▸ Prompt
For the material below, return exactly the lines starting at the one holding "Glamorous blonde woman" and ending at the one holding "Le salon Mooréa", counting both as part of the range.

▸ Source data
□ □ □ □ □
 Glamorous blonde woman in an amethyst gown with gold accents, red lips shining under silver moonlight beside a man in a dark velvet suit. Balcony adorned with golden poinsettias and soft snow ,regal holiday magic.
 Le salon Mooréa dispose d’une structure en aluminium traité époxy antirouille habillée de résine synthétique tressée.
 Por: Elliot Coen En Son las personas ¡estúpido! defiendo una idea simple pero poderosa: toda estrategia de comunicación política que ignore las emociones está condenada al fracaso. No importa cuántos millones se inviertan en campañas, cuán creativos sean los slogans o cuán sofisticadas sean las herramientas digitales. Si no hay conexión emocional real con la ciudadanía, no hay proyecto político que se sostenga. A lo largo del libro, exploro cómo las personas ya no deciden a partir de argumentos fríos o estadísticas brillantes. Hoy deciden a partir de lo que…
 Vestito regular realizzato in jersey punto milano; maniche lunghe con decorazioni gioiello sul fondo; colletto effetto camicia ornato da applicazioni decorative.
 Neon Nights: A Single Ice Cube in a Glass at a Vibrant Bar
□ □ □ □ □
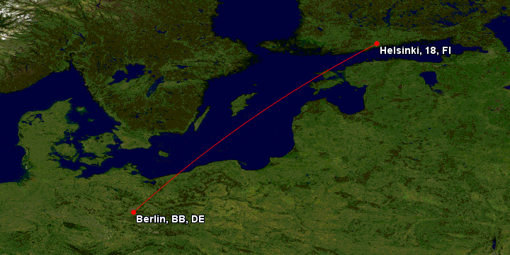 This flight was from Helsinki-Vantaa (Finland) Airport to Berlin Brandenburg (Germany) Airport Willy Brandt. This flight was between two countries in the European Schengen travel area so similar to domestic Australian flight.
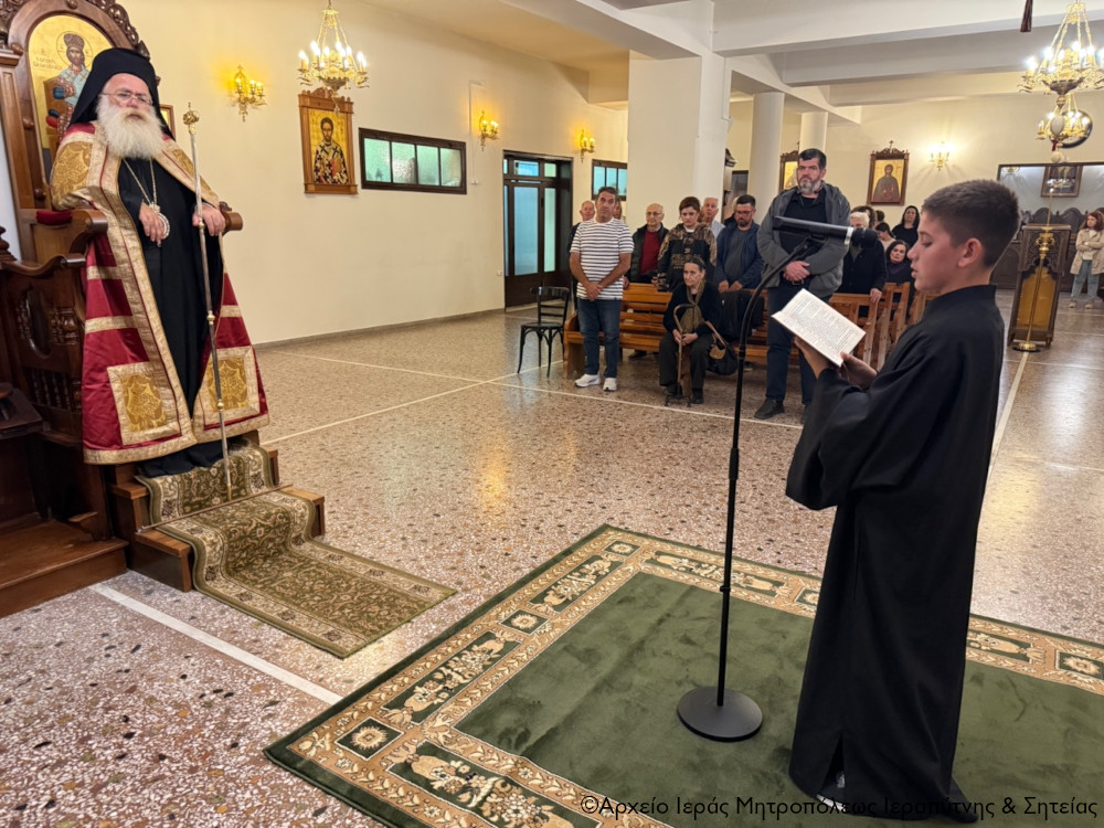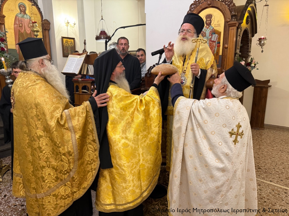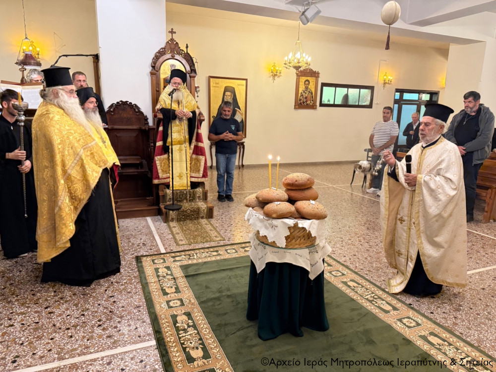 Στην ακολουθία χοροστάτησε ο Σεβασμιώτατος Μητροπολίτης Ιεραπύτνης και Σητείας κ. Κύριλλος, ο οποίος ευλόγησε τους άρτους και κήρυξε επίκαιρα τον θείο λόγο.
□ □ □ □ □
▸ Written answer
 Glamorous blonde woman in an amethyst gown with gold accents, red lips shining under silver moonlight beside a man in a dark velvet suit. Balcony adorned with golden poinsettias and soft snow ,regal holiday magic.
 Le salon Mooréa dispose d’une structure en aluminium traité époxy antirouille habillée de résine synthétique tressée.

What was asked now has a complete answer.